Discrete Choice

Discrete Choice

Discrete Choice is a package for the fitting of a variety of models with categorical dependent variables. These models are particularly useful for researchers in the social, behavioral, and biomedical sciences, as well as economics, public choice, education, and marketing.

Output for these models includes full information maximum likelihood estimates with either standard and quasi-maximum likelihood inference. In addition, estimates of marginal effects are computed either as partials of the probabilities with respect to the means of the exogenous variables or optionally as the average partials of the probabilities with respect to the exogenous variables.

Models

Nested logit model

  • Is derived from the assumption that residuals have a generalized extreme value distribution and allows for a general pattern of dependence among the responses thus avoiding the IIA problem, i.e., the “independence of irrelevant alternatives.”

Conditional logit model

  • Includes both variables that are attributes of the responses as well as, optionally, exogenous variables that are properties of cases.

Multinomial logit model

  • Qualitative responses are each modeled with a separate set of regression coefficients

Adjacent category multinomial logit model

  • The log-odds of one category versus the next higher category is linear in the cutpoints and explanatory variables

Stereotype multinomial logit model

  • The coefficients of the regression in each category are linear functions of a reference regression

Poisson regression, left or right truncated, left or right censored, or zero-inflated models

  • Estimates model with Poisson distributed dependent variable. This includes censored models – the dependent variable is not observed but independent variables are available – and truncated models where not even the independent variables are observed. Also, a zero-inflated Poisson model can be estimated where the probability of the zero category is a mixture of a Poisson consistent probability and an excess probability. The mixture coefficient can be a function of independent variables.

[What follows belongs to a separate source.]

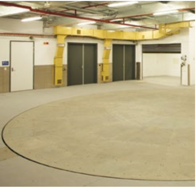
The turntable in Sydney East Data Centre is 10 metres in diameter.

For more information contact Spacepark Global Pty Ltd, 1/3 Gatwick Road, Bayswater VIC 3153, PO Box 182 Park Orchards VIC 3114, phone 1300 64 00 70, fax 1300 640 072, email info@spacepark.com, website www.spacepark.com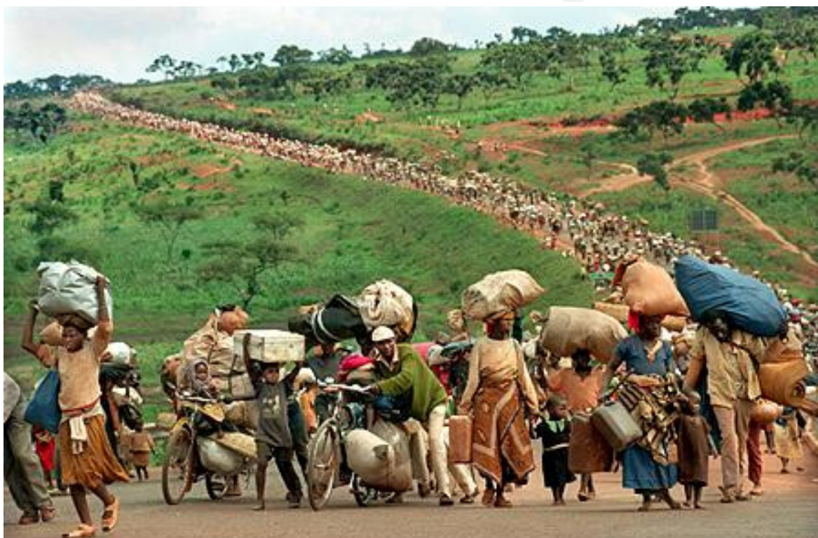
Figure 8. Refugees fleeing civil wars from their countries contribute to population increase and demand for resources at the destinations where they settle.

Along with illegal hunting, refugees had a profound impact on wildlife habitats. Deforestation caused scarcity of fuel resources, land degradation, destruction of water sources and, consequently, encroachment into protected areas. At the peak of the Rwanda refugee crisis, daily consumption of firewood for camps in the Kagera region alone was about 1,200 tons [66]. Generally, an average of 300 metric tons of fuel wood were consumed per day in 1997 [65]. The impacts of deforestation extended up to 20km away from the camps. Destruction or deforestation in BENACO area was estimated at 960 km 2 of land. Aerial photos of the affected region taken in 1996 showed that some 225km 2 and roughly 470km 2 of land were completely and partially deforested, respectively [65].

Negative binomial regression, left or right truncated, left or right censored, or zero-inflated models

  • Estimates model with negative binomial distributed dependent variable. This includes censored models – the dependent variable is not observed but independent variables are available – and truncated models where not even the independent variables are observed. Also, a zero-inflated negative binomial model can be estimated where the probability of the zero category is a mixture of a negative binomial consistent probability and an excess probability. The mixture coefficient can be a function of independent variables.

Logit, probit models

  • Estimates dichotomous dependent variable with either Normal or extreme value distributions

Ordered logit, probit models

  • Estimates model with an ordered qualitative dependent variable with Normal or extreme value distributions

Platform: Windows, Mac, and Linux.

Requirements: GAUSS/GAUSS Light version 8.0 or higher.